Biology is undeniable.
But I see the havoc my existence has wreaked on these lives – people and families changed forever and not necessarily for the better.
H, sent to the single mother’s home at 14, forbidden from seeing me, fighting a student doctor to pull down the pillow he was holding up to try and see me. Her parents being told the best thing they could do was pick her up and never mention it again. Even though her brothers would catch the bus from Sydney’s northern beaches to the home to see her after school (no mean feat, even trying to do that today is ardous). Having a team of student doctors brought around after I was born and having them talk about her labour even though she wasn’t allowed to see, touch or hold me. Having the head obstetrician stand at the end of the bed and say she had had a textbook labour and that more people should have babies at 14. Being picked up by her parents three days after I was born and going immediately on their annual summer holiday. Having to lie on the beach IN A SWIMMING COSTUME on her stomach the entire time because her boobs were leaking. It just goes on and on.

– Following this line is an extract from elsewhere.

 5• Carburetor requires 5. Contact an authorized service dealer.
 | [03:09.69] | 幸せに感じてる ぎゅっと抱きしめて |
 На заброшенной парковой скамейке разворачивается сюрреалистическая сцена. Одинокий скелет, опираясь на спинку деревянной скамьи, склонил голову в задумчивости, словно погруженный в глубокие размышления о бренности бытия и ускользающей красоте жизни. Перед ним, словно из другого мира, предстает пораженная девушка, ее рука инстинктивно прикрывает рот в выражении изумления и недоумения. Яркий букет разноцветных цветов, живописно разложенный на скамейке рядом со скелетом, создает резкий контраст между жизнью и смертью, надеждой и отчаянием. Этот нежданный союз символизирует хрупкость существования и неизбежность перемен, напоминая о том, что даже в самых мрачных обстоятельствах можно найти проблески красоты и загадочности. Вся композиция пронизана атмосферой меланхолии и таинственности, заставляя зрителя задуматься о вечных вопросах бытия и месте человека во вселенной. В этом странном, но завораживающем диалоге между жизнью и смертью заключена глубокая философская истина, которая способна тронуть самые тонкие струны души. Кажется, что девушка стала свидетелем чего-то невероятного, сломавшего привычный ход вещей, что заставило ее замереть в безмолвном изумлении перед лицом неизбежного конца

And my mum and dad? Their marriage slowly disintegrating for myriad reasons but their inability to have children together penetrating all of it.
And what of me you say?
I used to feel gravely responsible for the havoc my existence played on H and L and I still feel ‘weird’ about what impact my presence in their lives now, manifests. I used to strive to be good and better to make up for the fact I didn’t come from my mum’s belly. But now I’m not quite so tarred with the brush of being relinquished and adopted. My mum is my mum, H and L made me, I love having all of them in my life and I want them there for the rest of my life.

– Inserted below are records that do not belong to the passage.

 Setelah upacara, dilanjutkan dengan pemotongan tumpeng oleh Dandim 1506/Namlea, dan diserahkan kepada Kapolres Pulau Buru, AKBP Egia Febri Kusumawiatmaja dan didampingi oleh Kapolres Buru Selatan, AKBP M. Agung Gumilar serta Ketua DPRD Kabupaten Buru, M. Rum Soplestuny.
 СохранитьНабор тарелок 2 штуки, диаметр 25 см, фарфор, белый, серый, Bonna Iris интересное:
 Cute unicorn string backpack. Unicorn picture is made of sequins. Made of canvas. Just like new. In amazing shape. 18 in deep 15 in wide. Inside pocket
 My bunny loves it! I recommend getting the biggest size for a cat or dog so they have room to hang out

Dreadful things happened to some mothers during those years of peak adoption and wrongs need to be made right, but so much good also came from that time. So many babies to couples desperate to have a child and raise a family. Many children so much better off to have been adopted than raised in a home where they weren’t wanted or were viewed as a constant reminder of shame brought to the family by a ‘naughty’ daughter.
Life is messy, people get hurt, awful things happen and sadness can prevail but in my experience good always comes from bad, what doesn’t kill you can indeed make you stronger. You can fall down seven times and stand up eight. From shame, guilt, fault can come bravery, strength and acceptance.